▶ [ASSIGNED TASK]: All of the data below should be printed again exactly, pictures excluded.

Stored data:

____

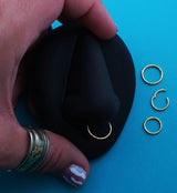 Hinged segment ring made from gold pvd on 316L stainless steel with a hoop design that has a side-facing, faceted design along the bottom. Size is 16G with an inner diameter size of either 5/16" (8mm) or 3/8" (10mm). The hinged design makes this piece easy to insert and remove. Sold individually (1pc).
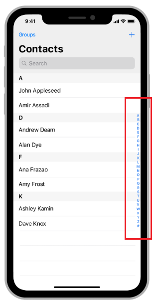 예를 들어 위의 Contacts 앱에서 각각의 contact가 하나의 열로 되어있는 것을 볼 수 있다. 또한 오른쪽의 Settings 앱에서는 그룹 별로 열들이 나누어져 있는 것을 볼 수 있다. 위와 같이 열들을 그룹으로 나누어 볼 수도 있고 하나의 그룹으로 처리할 수도 있다. 그룹을 나눌 때엔 section 별로 나눌 수 있다.
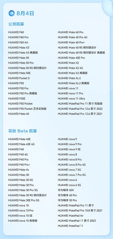 HarmonyOS 4-ün təqdimatından dərhal sonra Huawei şirkəti yeni əməliyyat sisteminin ictimai beta testinə start verildiyini elan etdi. Bununla yanaşı şirkət yeni əməliyyat sisteminin dəstəyini əldə edəcək cihazların siyahısını da təqdim edib və siyahı çox genişdir. HarmonyOS 4-ün ictimai betası 3 qrupa bölünüb. Birinci qrupa smartfon və planşetlərdən ibarət ümumi 34 ədəd cihaz daxil olub. Birinci qrupa daxil olan cihazlar üçün əməliyyat sisteminin beta versiyası bugündən başlayaraq istifadəyə verilir.
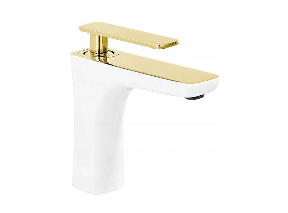 Tato designová umyvadlová baterie vyniká svým čistým moderním vzhledem a speciálním výtokem. Tělo vodovodní baterie je vyrobeno z mosazi, které je pokryto vrstvou bílé barvy se zlatými doplňky. Baterie se hodí do každé koupelny a lze ji bez problému kombinovat s keramikou i sklem. Systém uvnitř baterie efektivně provzdušňuje vodu, což přináší nižší spotřebu. Dodáváno včetně montážního příslušenství.
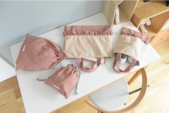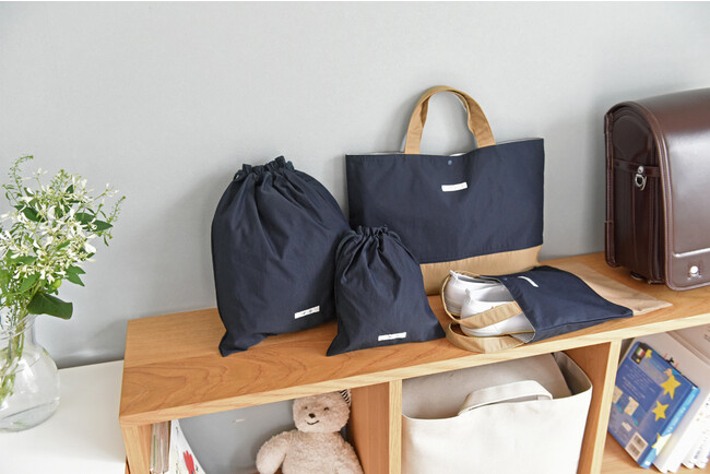 まず揃えたい基本の4アイテムは、セット販売も。ランドセルに入らない荷物の持ち運びに便利な手提げ「レッスンバッグ」、上履きの持ち帰りに必須の「シューズバッグ」、体操着などの持ち運びにちょうど良い「巾着大」、給食用のランチョンマットやコップを入れられる「巾着小」の4点セットで販売しています。
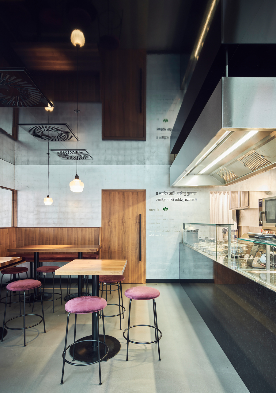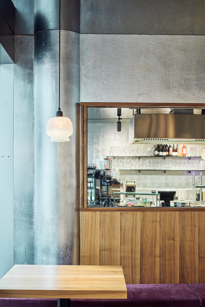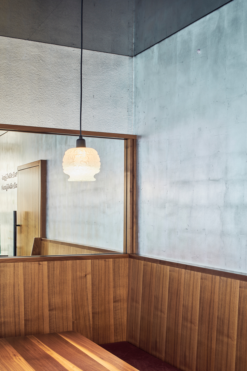 Im Universitätskomplex der SOWI (Architektur: Henke Schreieck) entstand ein Jahr später ein zweites kleines Lokal dieser „Mini-Kette“. Die Materialsprache nimmt wiederum Bezug auf das Mutterlokal „Sensei“ und führt das für die Anichstraße entwickelte Konzept weiter. Silberne Rückwände in Form von Schlagmetall aus Aluminium geben dem kleinen Raum Glanz und Helligkeit, die glänzende schwarze Decke aus Maxplatten verdoppelt optisch die Raumhöhe und Spiegel dienen wiederum der illusionistischen Raumvergrößerung. Im Zusammenspiel mit dem Nußholz der Tische und Bänke und dem schwarzen Granitblock der Speisetheke wird hier wie dort ein Ambiente erzeugt, das an Nepal zu erinnern vermag. Ebenso aus dem ersten Momoness übernommen wurde der in Sanskrit geschriebene Wandspruch „Wenn es Ihnen geschmeckt hat- erzählen Sie es weiter. Wenn nicht – sprechen Sie mit mir“, der über die Frage nach seiner Bedeutung zu Gesprächen und Begegnungen mit den Gästen führt. (Text: Claudia Wedekind, nach einem Text des Architekten)

____

▶ [ANSWER BOX]:
 Hinged segment ring made from gold pvd on 316L stainless steel with a hoop design that has a side-facing, faceted design along the bottom. Size is 16G with an inner diameter size of either 5/16" (8mm) or 3/8" (10mm). The hinged design makes this piece easy to insert and remove. Sold individually (1pc).
 예를 들어 위의 Contacts 앱에서 각각의 contact가 하나의 열로 되어있는 것을 볼 수 있다. 또한 오른쪽의 Settings 앱에서는 그룹 별로 열들이 나누어져 있는 것을 볼 수 있다. 위와 같이 열들을 그룹으로 나누어 볼 수도 있고 하나의 그룹으로 처리할 수도 있다. 그룹을 나눌 때엔 section 별로 나눌 수 있다.
 HarmonyOS 4-ün təqdimatından dərhal sonra Huawei şirkəti yeni əməliyyat sisteminin ictimai beta testinə start verildiyini elan etdi. Bununla yanaşı şirkət yeni əməliyyat sisteminin dəstəyini əldə edəcək cihazların siyahısını da təqdim edib və siyahı çox genişdir. HarmonyOS 4-ün ictimai betası 3 qrupa bölünüb. Birinci qrupa smartfon və planşetlərdən ibarət ümumi 34 ədəd cihaz daxil olub. Birinci qrupa daxil olan cihazlar üçün əməliyyat sisteminin beta versiyası bugündən başlayaraq istifadəyə verilir.
 Tato designová umyvadlová baterie vyniká svým čistým moderním vzhledem a speciálním výtokem. Tělo vodovodní baterie je vyrobeno z mosazi, které je pokryto vrstvou bílé barvy se zlatými doplňky. Baterie se hodí do každé koupelny a lze ji bez problému kombinovat s keramikou i sklem. Systém uvnitř baterie efektivně provzdušňuje vodu, což přináší nižší spotřebu. Dodáváno včetně montážního příslušenství.
 まず揃えたい基本の4アイテムは、セット販売も。ランドセルに入らない荷物の持ち運びに便利な手提げ「レッスンバッグ」、上履きの持ち帰りに必須の「シューズバッグ」、体操着などの持ち運びにちょうど良い「巾着大」、給食用のランチョンマットやコップを入れられる「巾着小」の4点セットで販売しています。
 Im Universitätskomplex der SOWI (Architektur: Henke Schreieck) entstand ein Jahr später ein zweites kleines Lokal dieser „Mini-Kette“. Die Materialsprache nimmt wiederum Bezug auf das Mutterlokal „Sensei“ und führt das für die Anichstraße entwickelte Konzept weiter. Silberne Rückwände in Form von Schlagmetall aus Aluminium geben dem kleinen Raum Glanz und Helligkeit, die glänzende schwarze Decke aus Maxplatten verdoppelt optisch die Raumhöhe und Spiegel dienen wiederum der illusionistischen Raumvergrößerung. Im Zusammenspiel mit dem Nußholz der Tische und Bänke und dem schwarzen Granitblock der Speisetheke wird hier wie dort ein Ambiente erzeugt, das an Nepal zu erinnern vermag. Ebenso aus dem ersten Momoness übernommen wurde der in Sanskrit geschriebene Wandspruch „Wenn es Ihnen geschmeckt hat- erzählen Sie es weiter. Wenn nicht – sprechen Sie mit mir“, der über die Frage nach seiner Bedeutung zu Gesprächen und Begegnungen mit den Gästen führt. (Text: Claudia Wedekind, nach einem Text des Architekten)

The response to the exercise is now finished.